About 20 miles west of Mazar-i-Sharif in northern Afghanistan is Qala-i-Jangi, a large and formidable 19th century fortress.
At that place, a handful of American and British soldiers, along with their Northern Alliance Afghani allies, waged a ferocious fight against Taliban fighters.
The American Taliban
On Saturday, November 24, 2001, several hundred Taliban fighters who had surrendered to the Northern Alliance were brought in trucks to Qala-i-Jangi.
The fighters were incarcerated in underground cells, where they joined several hundred other Taliban combatants who had surrendered earlier.
The Taliban were a mixture of Afghans, Pakistani, Uzbek, Chechen, Arabs, and one American – John Walker Lindh.
The First American Death
On the following Sunday morning some of the prisoners were taken from their cells to be questioned by two CIA officers.
One of them, by the name of Johnny Micheal Spann, found and began questioning Lindh.


Lindh refused to talk; he said nothing to Spann about a Taliban plan to attack the Americans and their Northern Alliance allies.
Later that morning, the two agents interrogated another group of prisoners. When questioned by Spann, one of them said he had come to Afghanistan to kill Americans. A moment later he attacked Spann.
With weapons which had been previously cached in Qala-i-Jangi, approximately 600 Taliban fighters launched an attack to take over the fortress. In the melee, Lindh was shot in the right thigh. He fell to the ground and pretended to be dead.
Spann’s body lay nearby; he was the first American to die in the global war on terror.


The American Detainee
Reinforcements were quickly called for.
By early afternoon, a small number of American and British forces arrived to direct the counterattack and joined Northern Alliance soldiers in an unforgiving firefight to regain control of the fortress.
When communications with American airpower were established later that afternoon, air strikes began to systematically level buildings and the Taliban within.
The fighting continued during the night and raged into Monday. As the day ended, an American AC-130 began circling over the fortress. Shortly thereafter, it unleashed its devastating firepower on Taliban positions in the fortress.
By early Tuesday morning, the fighting had begun to subside; hundreds of Taliban fighters lay dead or near death. By week’s end, only one group of fighters remained entrenched in a basement.
To dislodge them, Northern Alliance soldiers redirected an irrigation stream to flood them out.
The rising, frigid water had the desired effect; 86 Taliban fighters – including Lindh – surrendered.
Taken this time into custody by American soldiers, he became the first detainee – number 001 – in the global war on terror.
Trial and Conviction
Extradited to America, Lindh appeared in an Alexandria, Virginia courtroom for a preliminary hearing on January 24, 2002.
On Monday, February 5, he next stood before a federal grand jury which indicted him on ten charges – to include conspiracy to commit murder – stemming from his actions before and while at Qala-i-Jangi; he faced life in prison.

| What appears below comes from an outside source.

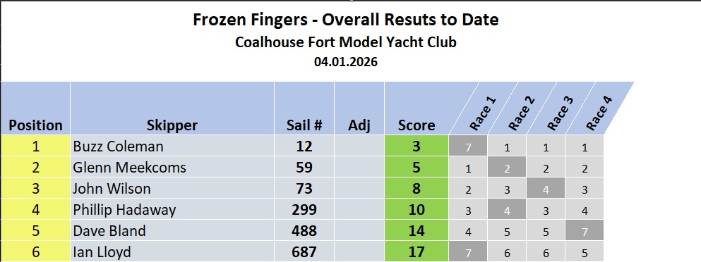 5th Round of the Frozen Fingers for the baby dragons Wind 15- 22 mph Temp 10’ 10 skippers today for 18 races from 10-10 till 2-35 on a course that was change after 3 races to start between 8&9, 12p, Zp, 12p Zp, and finish between the flag and 12. The first course proved to be to difficult to round mark 9 to port with the gust causing to much unavoidable contact for the mere mortals in the fleet and a much better day was had using the newly introduced Z mark. The wind direction lent itself to a couple of routes to the finish line which resulted in some exciting racing with lots of last minute changes to the finishing order. Geoff was first out when he’s TX strap allowed he’s transmitter to drop in a puddle after only 3 races.Terry was next out with water ingress ( poxy purple hull) after only7 races and Yukio missed the last 3 with radio ? Jonny flirted with Bs whilst Geoff stuck it out and took a couple of wins on his Bs. it proved close in the end with both Jonny and Yukio finishing on 27 points , Jonny with 7 wins to Yukio’s 6 took the day “ well done both of you” and James got a good 3 rd place. I thought once we got on the right course it was a good days sport/ racing/ fun even for all 😘

Lindh was not charged with treason.
He and his attorneys accepted a plea bargain offered by federal prosecutors. On July 15, 2002, Lindh pled guilty to supplying services to the Taliban and to carrying an explosive in the commission of a felony.
On Monday, October 4, 2002, Lindh was sentenced by Federal Judge T.S. Ellis III to 20 years in prison without the possibility of parole. With good behavior, however, he could be released early.
Release Date: May 23, 2019
Shortly after his sentencing, Lindh became prisoner 45426-083 at the Federal Correctional Institution in Terre Haute, Indiana. While there, he did not renounce extremist violence.
Seventeen days from today, after seventeen years in prison, an unrepentant John Walker Lindh will walk free.